Earth Planets Space, Vol. 50 (No. 3), pp. 183-188, 1998
Tadashi Mukai1, Tokuhide Akabane2, Tatsuaki Hashimoto3, Hiroshi Ishimoto1, Sho Sasaki4, Ai Inada1, Anthony Toigo5, Masato Nakamura6, Yutaka Abe6, Kei Kurita6, and Takeshi Imamura6
1The Graduate School of Science and Technology, Kobe University, Kobe 657-8501, Japan
2Hida Observatory, Kyoto University, Kamitakara, Gifu 506-13, Japan
3Institute of Space and Astronautical Science, Kanagawa 229-8510, Japan
4Geological Institute, University of Tokyo, Tokyo 113, Japan
5Division of Geological and Planetary Sciences, California Institute of Technology, Pasadena, CA 91125, U.S.A.
6Space and Planetary Science, University of Tokyo, Tokyo 113, Japan
(ReceivedAugust 7, 1997; RevisedDecember 16, 1997; AcceptedJanuary 30, 1998)

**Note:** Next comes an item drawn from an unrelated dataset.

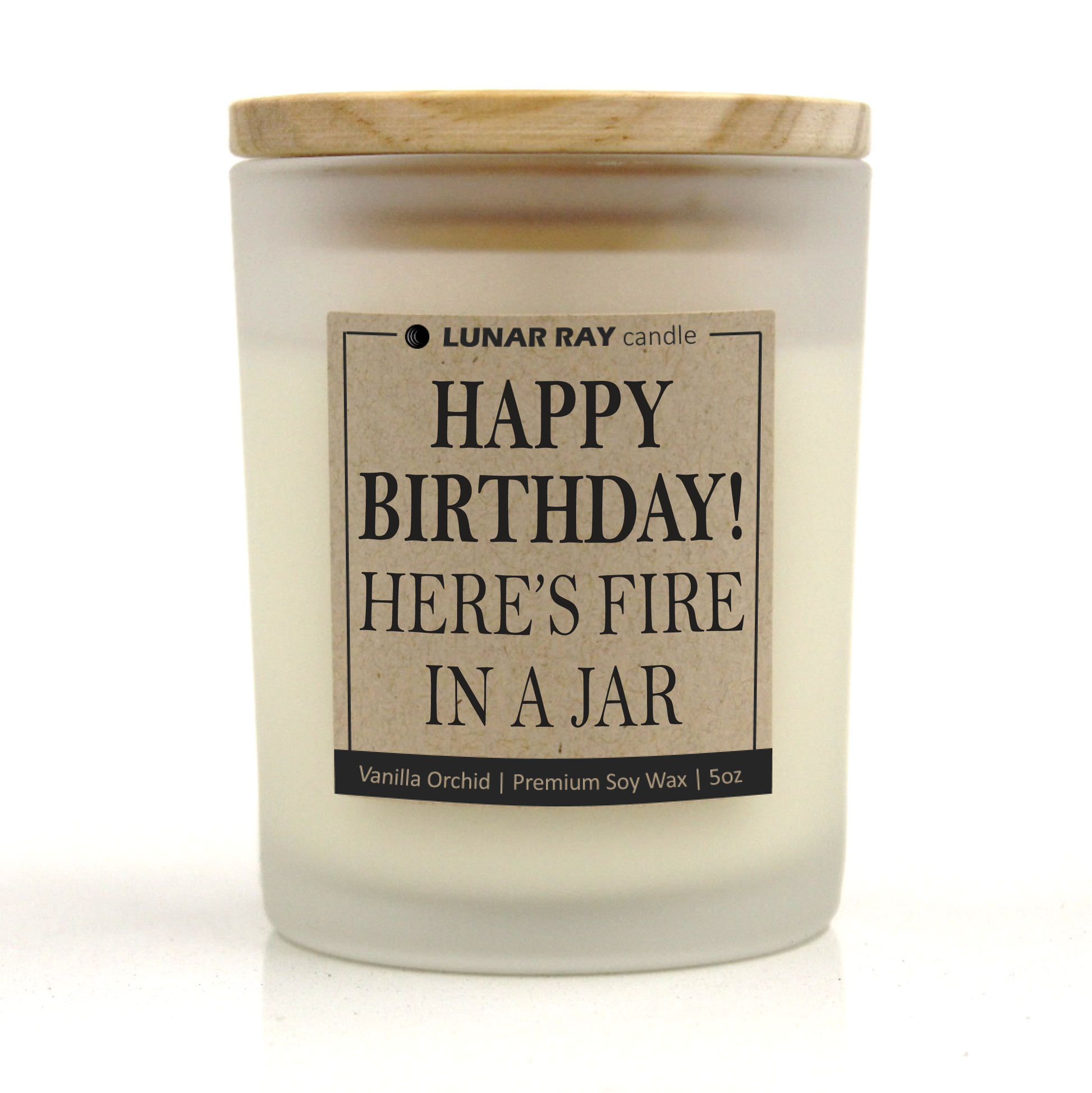 HAPPY BIRTHDAY! HERE'S FIRE IN A JAR - Kraft Label, Vanilla Orchid Scent, Frosted Jar, Candle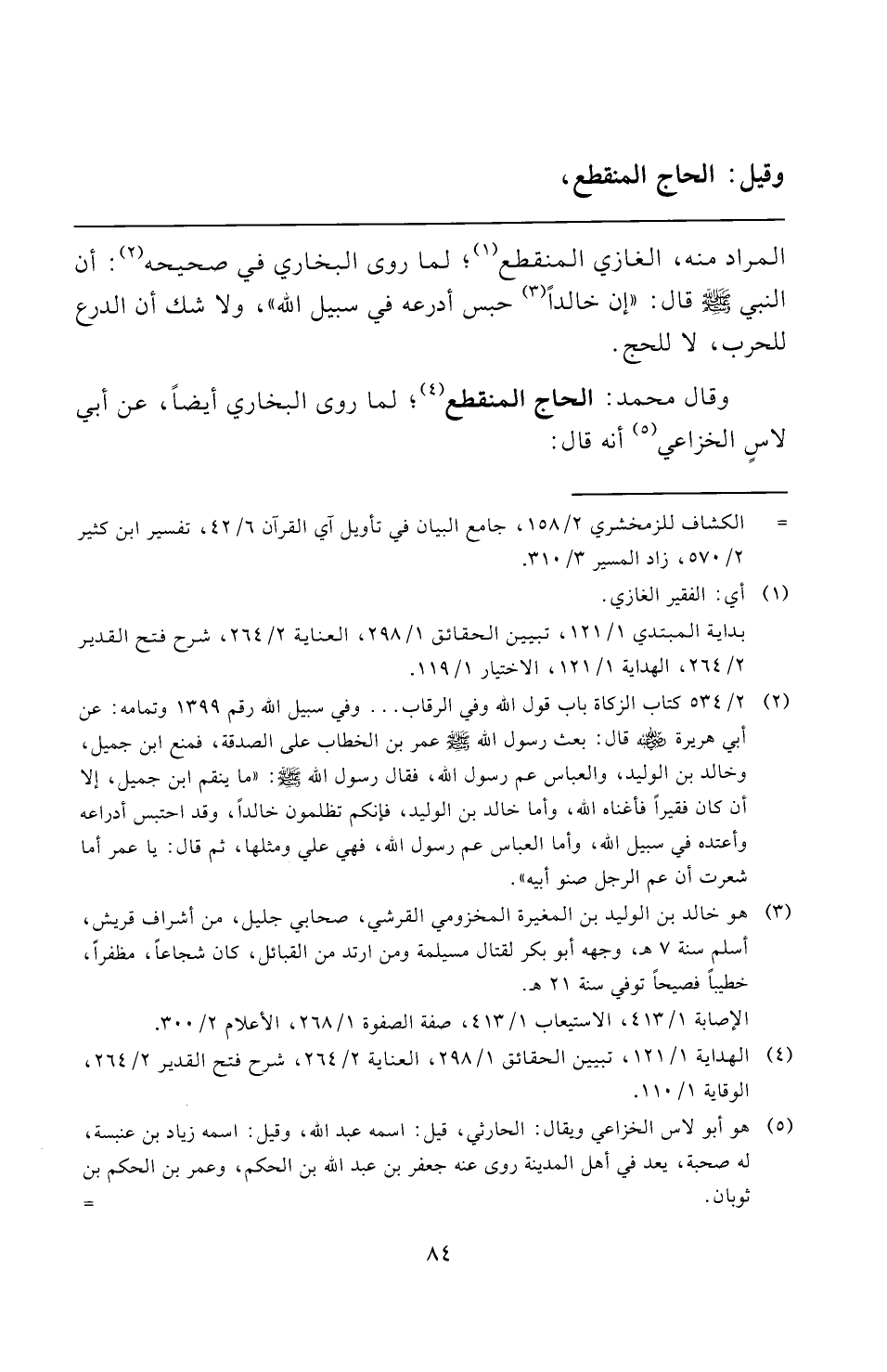 المراد منه، الغازي المنقطع (¬١)؛ لما روى البخاري في صحيحه (¬٢): أن النبي -صلى الله عليه وسلم- قال: "إن خالدًا (¬٣) حبس أدرعه في سبيل الله"، ولا شك أن الدرع للحرب، لا للحج.

Abstract: We present the specifications of the Mars Imaging Camera (MIC) on the Planet-B spin-stabilized spacecraft, and key scientific objectives of MIC observations. A non-sun-synchronous orbit of Planet-B with a large eccentricity of about 0.87 around Mars provides the opportunities (1) to observe the same region of Mars at various times of day and various solar phase angles with spatial resolution of about 60 m from a distance of 150 km altitude (at periapsis), and (2) to monitor changes of global atmospheric conditions on Mars near an apoapsis of 15 Mars radii. In addition, (3) several encounters of Planet-B with each of the two Martian satellites are scheduled during the mission lifetime of two years from October 1999 to observe their shapes and surface structures with three color filters, centered on 450, 550, and 650 nm. (4) A search for hypothetical dust rings along the orbits of two satellites will be tried from the forward-scattering region of sunlight.